So Long Uncle Rush

So Long Uncle Rush
Rush Limbaugh

Legendary talk radio host Rush Limbaugh succumbed to lung cancer yesterday. It’s been dawning on more and more Americans that we find ourselves at the end of an era, and the death of Uncle Rush is a major sign of that historical transition.

A lot of folks in dissident circles dismiss Rush as an irrelevant civic nationalist in an age of identity politics. Some even accused him of knowingly dispensing blue pills to keep the people ignorant of their dispossession. 

Admittedly, banging the drum of presidential politics when brazen election rigging has made voting pointless comes off as quixotic at best. But we have to keep in mind that Rush was a product of his environment, and that environment was pre-Clown World America.

For a Baby Boomer who actually managed to live the American dream, Rush exhibited impressively red-pilled moments.

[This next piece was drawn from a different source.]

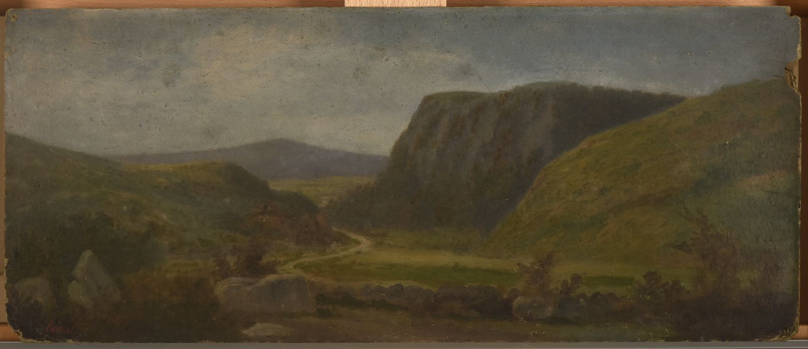 Huile sur carton ; Chemin serpentant au milieu d'une petite plaine environnée de collines.

My personal history with Rush goes all the way back to the 90s. He’d really only been a player on the national stage for a few years when I first heard him. One of my buddies from back in the day had a paper route, and the local AM talk station would replay Rush’s show on weekend mornings. I fondly recall many a crisp post-sleepover morning riding in the back of their family’s station wagon with bound stacks of newspapers. My buddy’s dad would tune in to Rush while he drove and I folded.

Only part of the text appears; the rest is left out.